Fue al regresar a Los Ángeles, en 1961, tras el divorcio de Arthur Miller, cuando la relación entre ellas empezó a deteriorarse. Marilyn, narcisista y dependiente, siempre temía que tarde o temprano se aprovecharan de ella. Tanta insistencia en llegar a su “verdadero yo” empezaba a agotarla. Además, le inquietaba que los Strasberg dependieran financieramente de ella casi por completo. No es fácil tejer una amistad cuando hay dinero de por medio. Y Marilyn era rica y generosa: a Lee le pagó un viaje a Rusia; a John le regaló un coche por su mayoría de edad; a Paula, el collar de perlas con el que le obsequió el emperador de Japón…

El día antes de su muerte, Marilyn llamó a su abogado para decirle que cambiara su testamento, porque ya no quería que los Strasberg fueran sus herederos principales. Pero no le dio tiempo porque la actriz murió esa madrugada. Paula y Lee fueron de los pocos íntimos convocados por Joe DiMaggio al tanatorio.

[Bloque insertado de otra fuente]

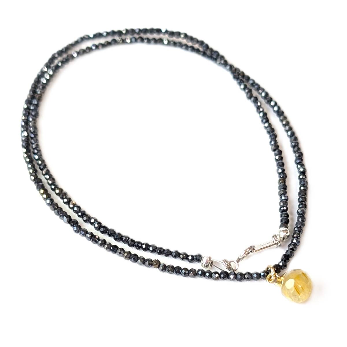 - ゴールド ルチルクォーツ カットチャーム チタン加工 スピネル ネックレス 輝きが半端ない 長さオーダー可 プレゼント 父の日に贈る ギフト

Mientras el organista tocaba, Lee dijo emocionado: “Tenía una luminosidad especial, una mezcla de melancolía, resplandor y anhelo, que la apartaba de los demás y que, sin embargo, hacía que todos desearan ser parte de ella”. Paula se encargó de recoger la casa californiana de Marilyn y su apartamento de Nueva York. Cada detalle de su vida fue empaquetado y enviado a un guardamuebles. Murió de cáncer cuatro años después. Quizá nunca la quiso desinteresadamente, quizá solo la adoró como se adora a los dioses de los que depende el sustento y el destino. Los últimos meses de la actriz fueron de aislamiento. En su buzón casi exclusivamente había facturas y recibos del banco. Ninguna nota de amistad, ningún mensaje de ánimo. Solo destaca una breve nota de Paula Strasberg, fechada a finales de 1961. Está firmada con un corazón y dice simplemente: “Ten fe”.